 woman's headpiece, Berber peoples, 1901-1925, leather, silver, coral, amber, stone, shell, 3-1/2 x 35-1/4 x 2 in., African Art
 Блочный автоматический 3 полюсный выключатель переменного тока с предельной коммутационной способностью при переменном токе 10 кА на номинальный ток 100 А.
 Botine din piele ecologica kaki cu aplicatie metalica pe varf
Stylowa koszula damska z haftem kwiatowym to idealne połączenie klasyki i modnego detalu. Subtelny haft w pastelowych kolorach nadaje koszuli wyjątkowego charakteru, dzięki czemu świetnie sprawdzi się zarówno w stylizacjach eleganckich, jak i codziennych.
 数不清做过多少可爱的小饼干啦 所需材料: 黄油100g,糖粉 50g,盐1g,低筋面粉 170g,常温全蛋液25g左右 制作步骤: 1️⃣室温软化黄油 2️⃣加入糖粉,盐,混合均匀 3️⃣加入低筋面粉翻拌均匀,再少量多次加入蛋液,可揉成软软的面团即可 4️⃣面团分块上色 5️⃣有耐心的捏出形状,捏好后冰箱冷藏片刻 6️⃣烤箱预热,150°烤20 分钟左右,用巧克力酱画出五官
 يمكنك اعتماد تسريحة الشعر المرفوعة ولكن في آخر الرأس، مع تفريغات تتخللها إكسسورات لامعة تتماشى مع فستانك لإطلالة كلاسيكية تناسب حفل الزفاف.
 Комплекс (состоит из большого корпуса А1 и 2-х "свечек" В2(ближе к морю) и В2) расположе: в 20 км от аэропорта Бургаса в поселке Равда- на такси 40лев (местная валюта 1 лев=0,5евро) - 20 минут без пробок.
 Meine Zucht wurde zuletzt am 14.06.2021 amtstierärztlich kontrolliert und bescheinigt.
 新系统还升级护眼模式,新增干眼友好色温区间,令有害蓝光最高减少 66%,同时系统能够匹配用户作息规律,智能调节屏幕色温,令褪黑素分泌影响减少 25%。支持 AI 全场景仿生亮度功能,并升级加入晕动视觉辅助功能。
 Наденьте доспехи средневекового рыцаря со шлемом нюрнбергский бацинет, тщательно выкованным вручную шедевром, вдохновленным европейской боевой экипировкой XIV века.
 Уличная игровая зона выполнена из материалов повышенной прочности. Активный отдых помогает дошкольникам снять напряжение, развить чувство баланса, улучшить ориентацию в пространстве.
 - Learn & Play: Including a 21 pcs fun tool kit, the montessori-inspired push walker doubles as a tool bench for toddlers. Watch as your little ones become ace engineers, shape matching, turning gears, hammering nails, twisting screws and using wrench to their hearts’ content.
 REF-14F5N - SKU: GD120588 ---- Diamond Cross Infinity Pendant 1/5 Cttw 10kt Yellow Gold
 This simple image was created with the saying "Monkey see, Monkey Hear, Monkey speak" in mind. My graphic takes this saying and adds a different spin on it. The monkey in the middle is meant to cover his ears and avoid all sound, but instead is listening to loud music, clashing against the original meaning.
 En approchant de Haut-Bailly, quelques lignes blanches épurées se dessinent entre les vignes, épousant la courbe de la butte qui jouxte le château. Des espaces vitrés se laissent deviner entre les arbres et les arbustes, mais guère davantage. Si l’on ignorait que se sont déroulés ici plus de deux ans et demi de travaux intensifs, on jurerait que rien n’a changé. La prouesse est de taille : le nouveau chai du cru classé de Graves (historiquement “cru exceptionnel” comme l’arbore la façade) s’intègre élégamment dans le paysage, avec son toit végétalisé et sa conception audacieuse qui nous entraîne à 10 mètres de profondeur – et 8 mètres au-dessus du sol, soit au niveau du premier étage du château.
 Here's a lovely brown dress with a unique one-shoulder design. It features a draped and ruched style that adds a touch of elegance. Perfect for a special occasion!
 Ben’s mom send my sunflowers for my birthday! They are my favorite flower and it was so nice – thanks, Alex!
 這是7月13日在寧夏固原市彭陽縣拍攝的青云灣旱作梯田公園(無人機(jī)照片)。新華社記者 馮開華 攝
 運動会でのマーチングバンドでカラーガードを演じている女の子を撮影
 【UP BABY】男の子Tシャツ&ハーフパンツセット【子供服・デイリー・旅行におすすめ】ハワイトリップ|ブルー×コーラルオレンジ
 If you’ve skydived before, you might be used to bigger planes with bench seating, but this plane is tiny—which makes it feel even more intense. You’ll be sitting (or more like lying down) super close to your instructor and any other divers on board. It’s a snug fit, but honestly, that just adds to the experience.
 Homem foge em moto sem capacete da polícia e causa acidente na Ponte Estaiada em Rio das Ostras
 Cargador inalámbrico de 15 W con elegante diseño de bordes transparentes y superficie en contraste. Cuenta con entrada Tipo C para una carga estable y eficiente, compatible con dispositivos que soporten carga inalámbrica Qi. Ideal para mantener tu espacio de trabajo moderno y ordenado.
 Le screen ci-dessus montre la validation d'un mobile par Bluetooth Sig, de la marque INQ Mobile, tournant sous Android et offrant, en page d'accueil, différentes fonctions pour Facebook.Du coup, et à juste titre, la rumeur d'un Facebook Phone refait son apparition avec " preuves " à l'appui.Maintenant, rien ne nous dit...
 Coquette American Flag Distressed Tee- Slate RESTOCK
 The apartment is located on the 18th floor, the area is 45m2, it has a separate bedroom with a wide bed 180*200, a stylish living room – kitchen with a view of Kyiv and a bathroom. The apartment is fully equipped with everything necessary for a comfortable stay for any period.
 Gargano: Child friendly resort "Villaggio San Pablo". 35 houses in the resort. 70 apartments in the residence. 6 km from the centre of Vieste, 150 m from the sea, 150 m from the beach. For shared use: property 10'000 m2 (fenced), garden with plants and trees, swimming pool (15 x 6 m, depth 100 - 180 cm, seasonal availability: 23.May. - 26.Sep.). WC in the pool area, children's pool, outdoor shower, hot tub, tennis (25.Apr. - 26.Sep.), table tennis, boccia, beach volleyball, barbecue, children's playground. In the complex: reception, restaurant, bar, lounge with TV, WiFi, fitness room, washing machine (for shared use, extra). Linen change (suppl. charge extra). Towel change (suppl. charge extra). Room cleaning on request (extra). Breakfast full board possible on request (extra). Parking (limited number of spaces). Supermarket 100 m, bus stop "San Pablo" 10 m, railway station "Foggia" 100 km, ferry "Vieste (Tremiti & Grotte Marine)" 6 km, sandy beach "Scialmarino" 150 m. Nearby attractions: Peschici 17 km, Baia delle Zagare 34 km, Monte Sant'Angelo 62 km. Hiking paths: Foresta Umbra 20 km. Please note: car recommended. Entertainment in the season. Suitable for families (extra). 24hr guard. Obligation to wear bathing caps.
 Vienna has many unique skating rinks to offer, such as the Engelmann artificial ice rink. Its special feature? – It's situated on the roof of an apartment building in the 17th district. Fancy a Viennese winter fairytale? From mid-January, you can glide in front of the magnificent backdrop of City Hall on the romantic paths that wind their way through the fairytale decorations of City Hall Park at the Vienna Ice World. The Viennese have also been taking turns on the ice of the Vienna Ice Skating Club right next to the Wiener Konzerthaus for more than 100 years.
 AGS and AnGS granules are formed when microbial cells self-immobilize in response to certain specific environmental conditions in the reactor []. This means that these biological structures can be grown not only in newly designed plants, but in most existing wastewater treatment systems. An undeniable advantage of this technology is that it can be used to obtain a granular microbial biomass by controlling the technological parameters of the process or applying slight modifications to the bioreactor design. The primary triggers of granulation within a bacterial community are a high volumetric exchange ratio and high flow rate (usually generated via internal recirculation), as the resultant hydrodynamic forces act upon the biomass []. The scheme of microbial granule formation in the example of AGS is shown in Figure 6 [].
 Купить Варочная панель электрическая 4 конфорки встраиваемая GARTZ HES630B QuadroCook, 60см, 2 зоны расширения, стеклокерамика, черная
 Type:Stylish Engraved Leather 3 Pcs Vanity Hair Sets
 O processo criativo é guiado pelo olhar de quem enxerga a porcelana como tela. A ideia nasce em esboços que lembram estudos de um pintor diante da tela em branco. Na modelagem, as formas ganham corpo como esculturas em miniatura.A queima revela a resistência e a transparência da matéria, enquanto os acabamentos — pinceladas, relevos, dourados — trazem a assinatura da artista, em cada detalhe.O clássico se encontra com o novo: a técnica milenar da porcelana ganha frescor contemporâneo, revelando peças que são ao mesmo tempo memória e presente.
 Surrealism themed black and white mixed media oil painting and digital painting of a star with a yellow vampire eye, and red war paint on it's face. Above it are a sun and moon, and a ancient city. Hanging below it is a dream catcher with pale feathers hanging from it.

**Aim of the exercise:**
Among the entries above, how many lines hold the string "your"? Give the number by itself.

**Answer to this exercise:**
2